そんな事を考えていると、おもむろに先程の年配の陰陽師が、険しい顔でそろそろと歩み寄ってきた。
「……?」
コソコソと小さい声で話し出す。
大きな声では、話せない内容なのだろう。
「その義子さまの部屋の一部がな、夜な夜な凍る……のだそうだ……」
しんみりと話すその声は、シーンとなった陰陽寮の室内で異様に響き、私は半ば焦る。
確か、知られてはいけないのではなかったか?
けれど、そんな私の心配をよそに、周りの陰陽師たちはそうだそうだと言わんばかりに、何人も頷いている。
どうやらみんな知っている、噂話のようだった。
「……」
声をひそめる必要などあるのか……?
言ってはダメだと言いつつ、そこここで言っているんだろ……。
半ば呆れつつ、言葉の意味を咀嚼する。
「凍る……」
しかし部屋の一部が……凍る? この真夏に!?
よく考えなくても異様な話だ。
思わず目を見張り、言葉を返す。
「えっと……、凍るのですか? それはカビとかではなく……?」
「……ぶっ」
私の言葉に、近くにいた若い陰陽師が吹き出す。
「バカ! 女御さまの部屋だぞ? そんな部屋がカビる分けないだろ!? 氷だよ! 氷! 凍るのは決まって西側の藤壺の宮の方らしいのだ。

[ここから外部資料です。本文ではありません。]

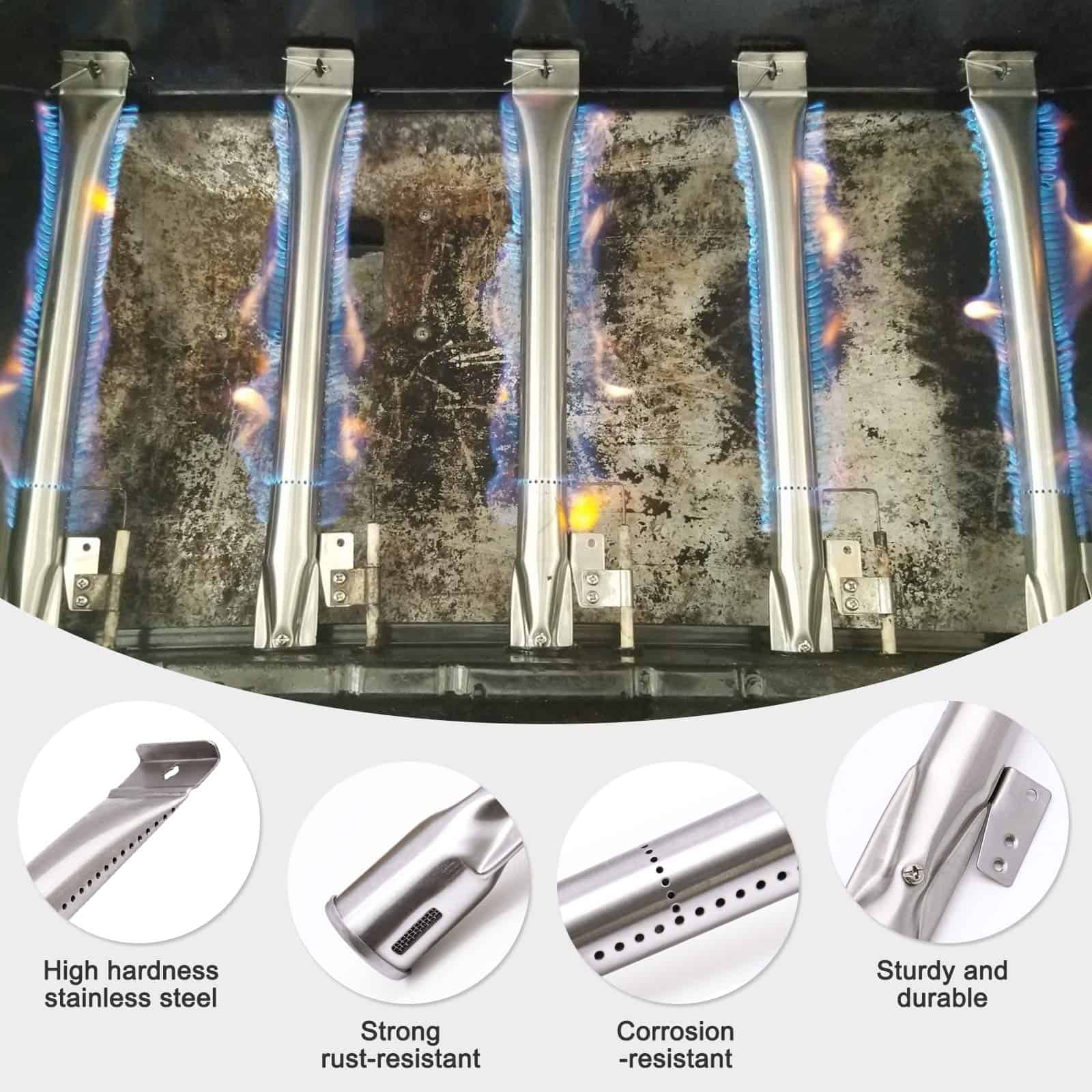 Este kit de piezas de repuesto Nexgrill 720-0864 incluye 4 piezas esenciales. 2 x tamers de llama, 2 x tubos quemadores.

しかもそこに置いていた花瓶が、花ごと凍るくらい凄い冷気らしい……」
「花ごと……」
思わず呟く。
いやしかし、問題はそこじゃない。
「藤壺の宮……?」
そうだ、分かったか? と言わんばかりに、陰陽師たちは一様に満面の笑みで頷く。
《藤壺の宮》……その言葉に、嫌な予感しかしない。恐らくここにいる誰もが、そう思っているのに違いない。

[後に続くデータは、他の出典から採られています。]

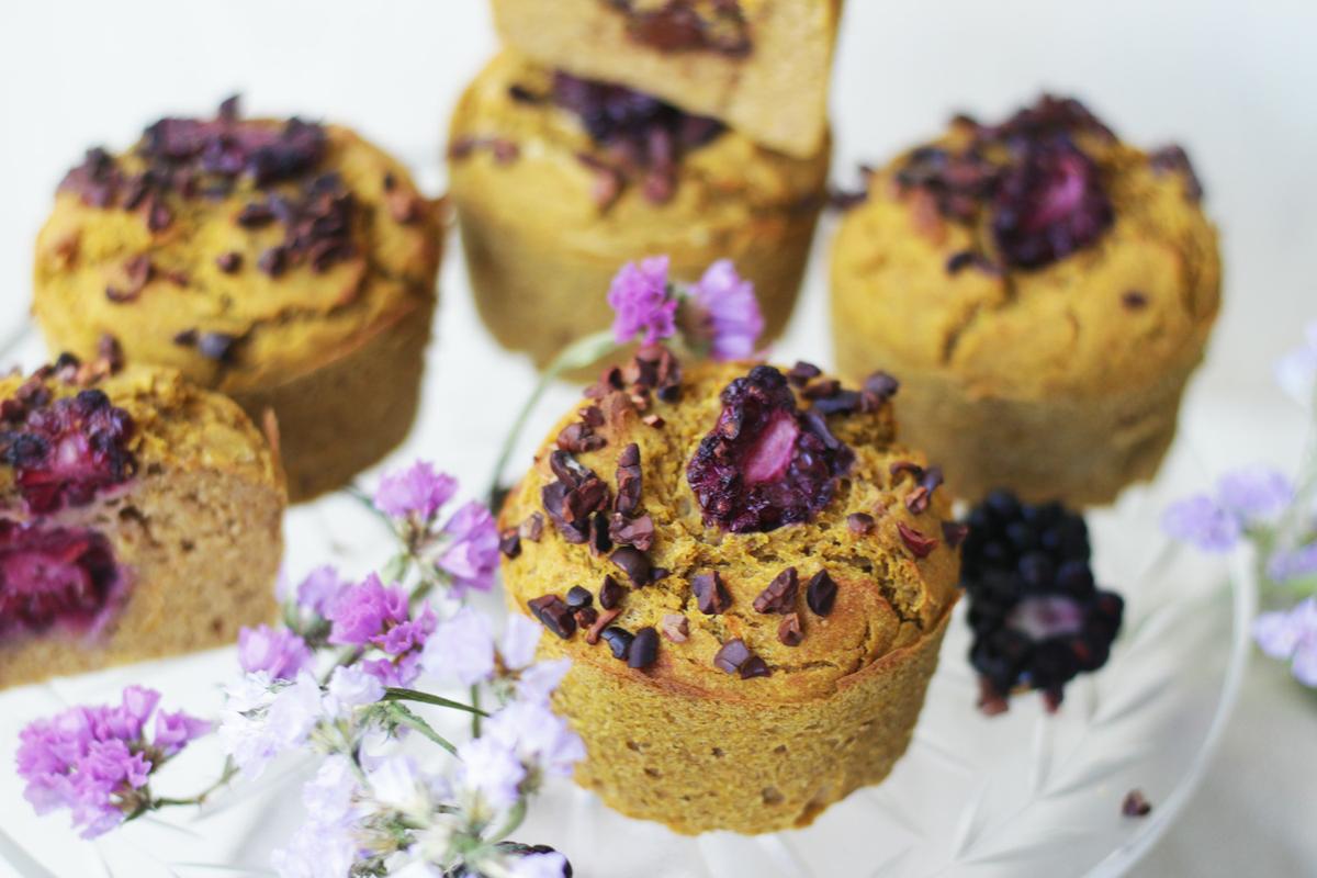 En moldes de silicona de muffins añadimos una cucharada, ponemos en el centro una mora o un trozo de chocolate y cubrimos con otra cucharada de masa. Podemos hacer 3 rellenos de moras y 3 rellenos de chocolate o al gusto. Por encima decoramos con nibs de cacao y moras partidas a la mitad.

藤壺の宮には春の終わりに、澄真さまが狐丸と共に招かれた場所だ。
狐丸が、帝の嫡男である敦康の命を助けたお礼だと言って、藤見の宴へ呼ばれた。その宴があったのが《藤壺の宮》。
しかし、あの宴では何もなかったはず……。そう澄真さまからも聞いている。
……。
そこまで考えて、私は目を細めた。
まさか……狐丸と澄真さま……が、疑われているのか……?
「……」
しかし……冷静になって考えれば、新たな面も見えて来た。
なぜ、この話が話してはならない秘密なのか。なぜこれだけの陰陽師が、当たり前のように知っているのにも関わらず、澄真さまと私の耳に入らなかったのか……。
それが意味するもの……。
おそらく巷では、澄真さまが犯人なのだと、噂でもされているのだろう。
けれど帝の奥方たちが関わる事なだけに、誰であろうと滅多なことは口に出来ない。
恐らくは、この怪異の事を知る者も少ないと思われるが、その少ない者たちの中で、澄真さまを疑う者がいるのだろう。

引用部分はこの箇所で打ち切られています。